Tuesday, July 3, 2018

Patience

Big projects do not willingly yield big moments. I'm getting impatient for a big moment. I read a book, check it off the list, and move on to the next one. It feels like such a small thing against the much bigger task of making my way through this large and largely arbitrary list of titles. It's not like I'm going to stop reading anytime soon, but the sense of pressure I feel to make progress, to show something for all my work and effort in resisting the urge to just acquire, makes me want to feel like I'm making progress. That sense of getting something done is hard to find when every step is so small relative to the size of the whole journey.

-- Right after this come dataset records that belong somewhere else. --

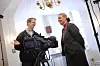 Johannes Söderberg spelar in helgsmålsbön med biskop Caroline Krook.
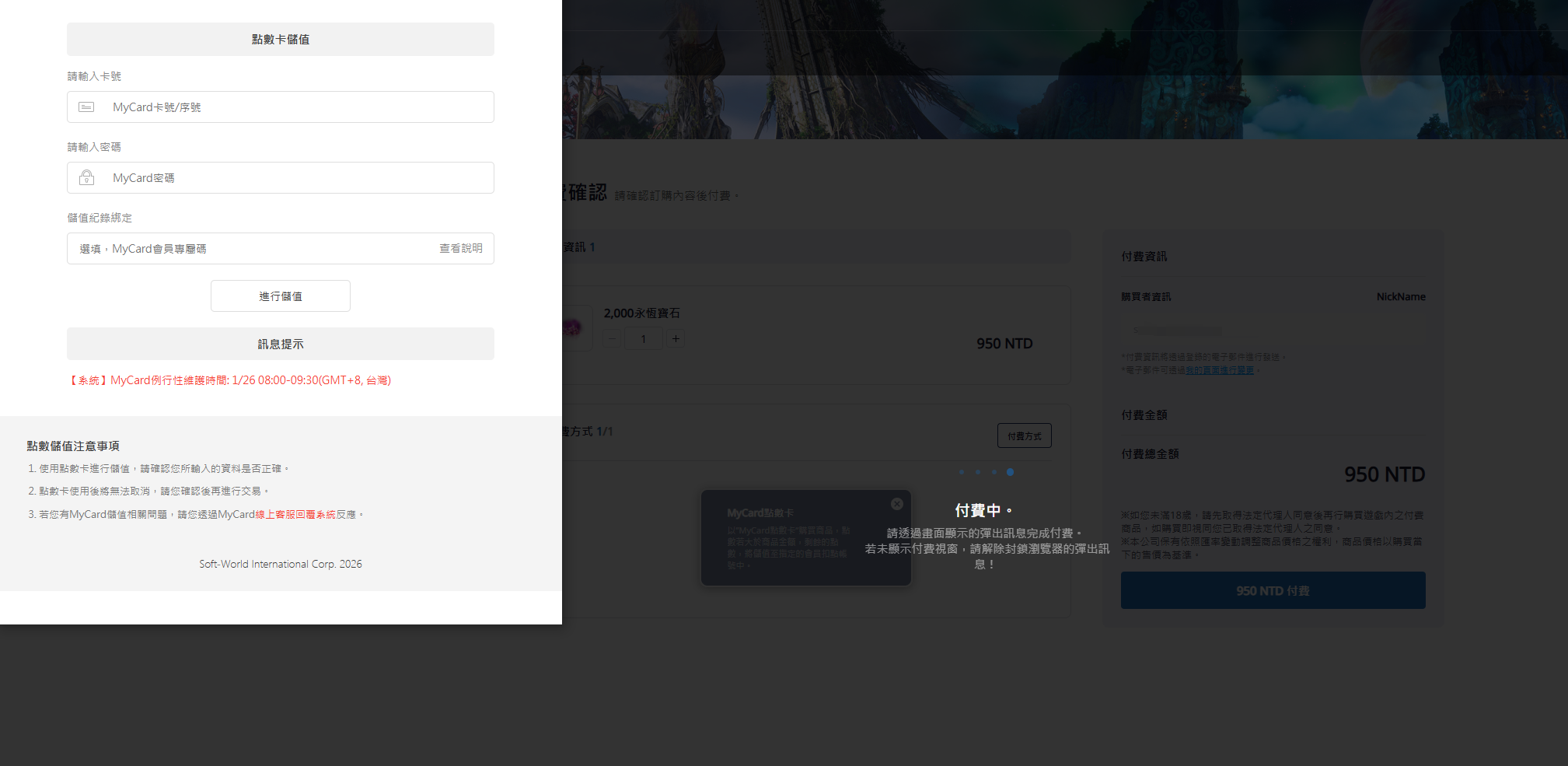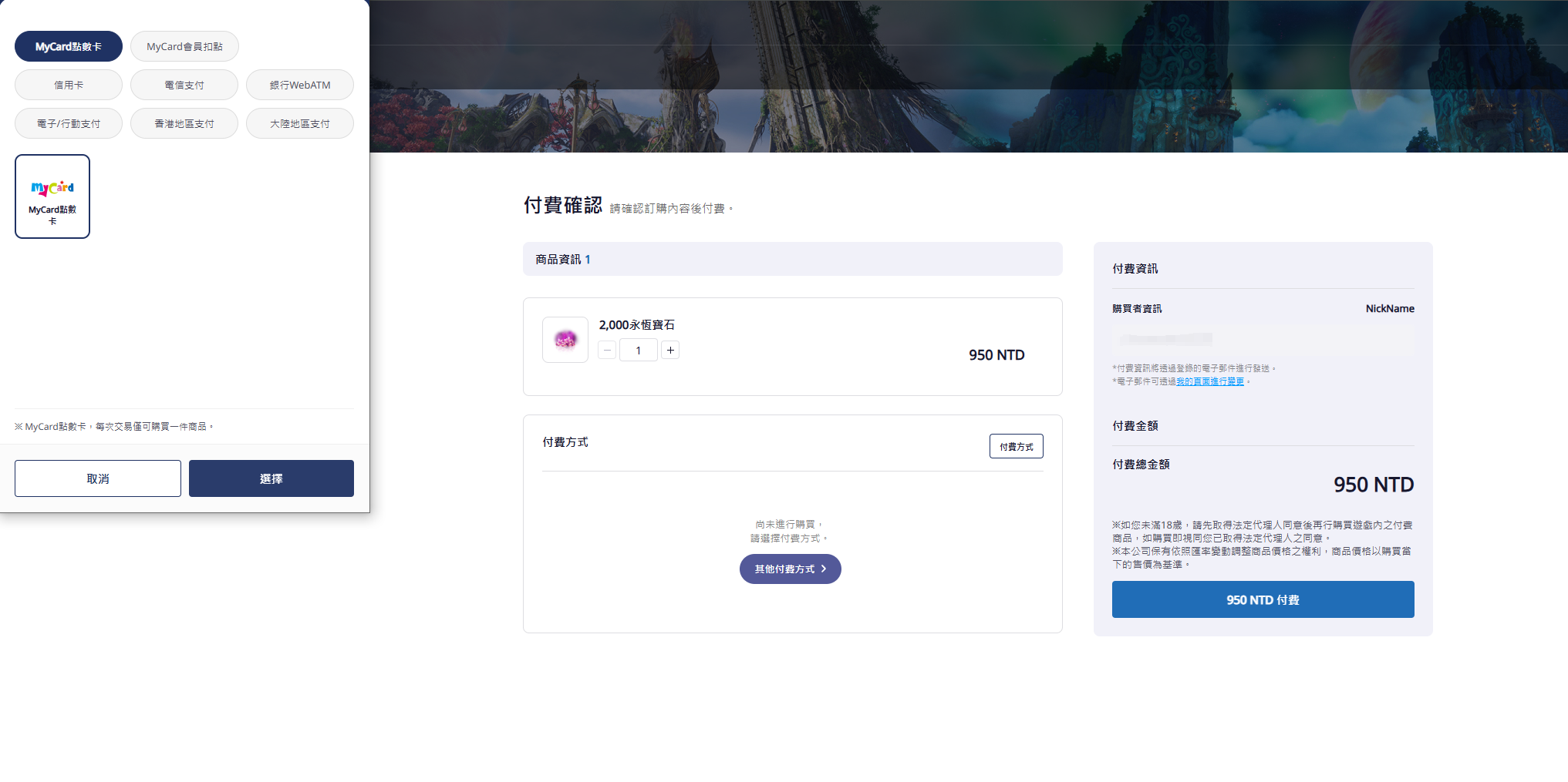 1、选择充值面额,选择付费方式为MYCARD点数卡;
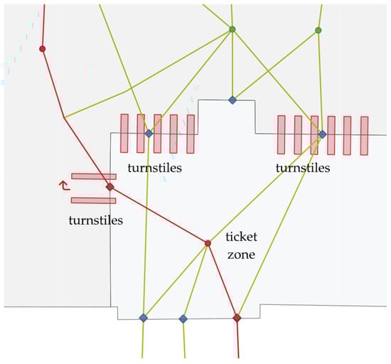 Attributes of Space Connections model the rules of traffic flow. Some connections have a limited time of crossing—doors and turnstiles are related to the metro operating times. Others preclude some groups of people with special needs—small steps or turnstiles are a real barrier for people in wheelchairs. Based on the type, if necessary, some costs can be added to avoid situations when the route with the shortest distance crosses the ticket zone.
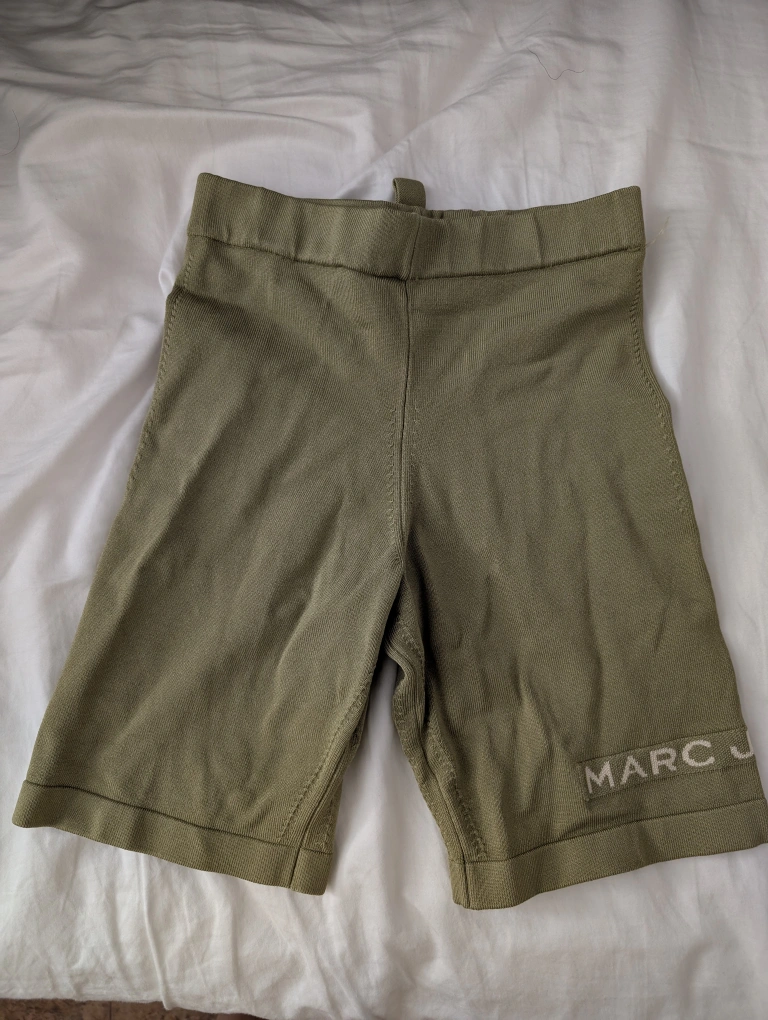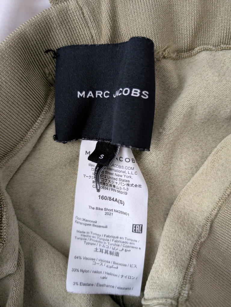These are Marc Jacobs The Bike Shorts, in size S. They're made of 64% Viscose, 33% Nylon, and 3% Elastane.
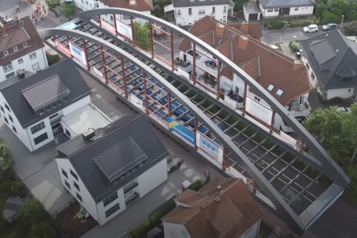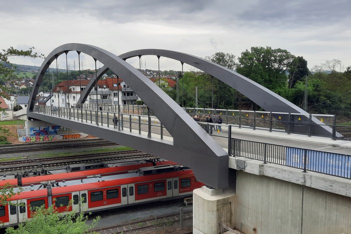 Den Überbau bilden zwei außen liegende, parallel angeordnete Stabbögen mit vertikalen Hängern.
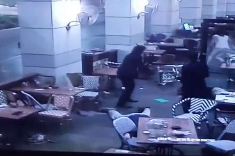 סמוך לשעה תשע וחצי בערב הופרה הפסטורליה במתחם. על פי העדויות, המחבלים עצמם ישבו במסעדת מקס ברנר, לבושים בבגדים אלגנטיים. אחד העובדים במסעדת מקס ברנר סיפר כי לפתע הם קמו והחלו לירות לכיוון מסעדת בנדיקט הסמוכה: "הם הזמינו אוכל. לא היה שום דבר חשוד בהם, ובשלב מסויים הם פשוט קמו והתחילו לירות, הם לא צעקו כלום".

Losing weight is similar. You work, work, work only to see nothing much change on a day to day basis. Looking back over months or years progress is apparent, but the daily living of the process yields so little in perceptible change. The dedication to stick with the process, to keep living the way you want things to be eventually rather than the way things are now requires patience. You have to wait for results to show up and a difference to show itself. Sticking to the plan is not fun when you're stuck in the grind.

The novelty of the Book Shelf Zero challenge is gone. The thrill of getting the list together, seeing the size and scope of the challenge take shape, and making the first few steps against that big audacious goal is an exciting time. I'm well past that stage. It's just an endless list of books to read. I enjoy the books that I've read. I finished American Pastoral last week. Phenomenal book. I'm charging through the 3rd Culture book now. It's fantastic. The way Banks makes cracks about how ancient the relics of the events of the first Culture book sounds like an acknowledgment of the inferiority of Consider Phelbas. He wants it to be cast back in the deep past. I'm happy to leave it back there with him.

I enjoy each book I read as an individual experience, but the experience of the broader reading goals is not as pleasurable. There is just so little progress. I kind of can't help but thinking why bother and what's the point. I could just abandon my plans and pursue whatever feels good, as recommended by people who manage to read over a hundred books a year (although counting a 90 page play as a book is hardly the same thing as a hefty novel), but that surrender to chance and whim is exactly the opposite intention of Book Shelf Zero. Eat whatever feels good will lead to massive weight gain. Reading (and buying) whatever sounds fun and engaging has lead to my current predicament (over a hundred books in my house just waiting to be read). I can't just do whatever. Sure, the numbers of books I read in a year may pop up a bit (I don't think I could ever get to 100, at least not in my current reading patterns and habits), but I wouldn't be reading the books that I want to have read.

Embracing the pointlessness of reading all my owned books just for the sake of reading them is central to the challenge. There is no tangible reward at the end. It's just doing something that requires some dedication and commitment. It's an effort to break the thread of just living life moment to moment and finding a way to link all of those moments and transient interests into something with greater purpose and intention.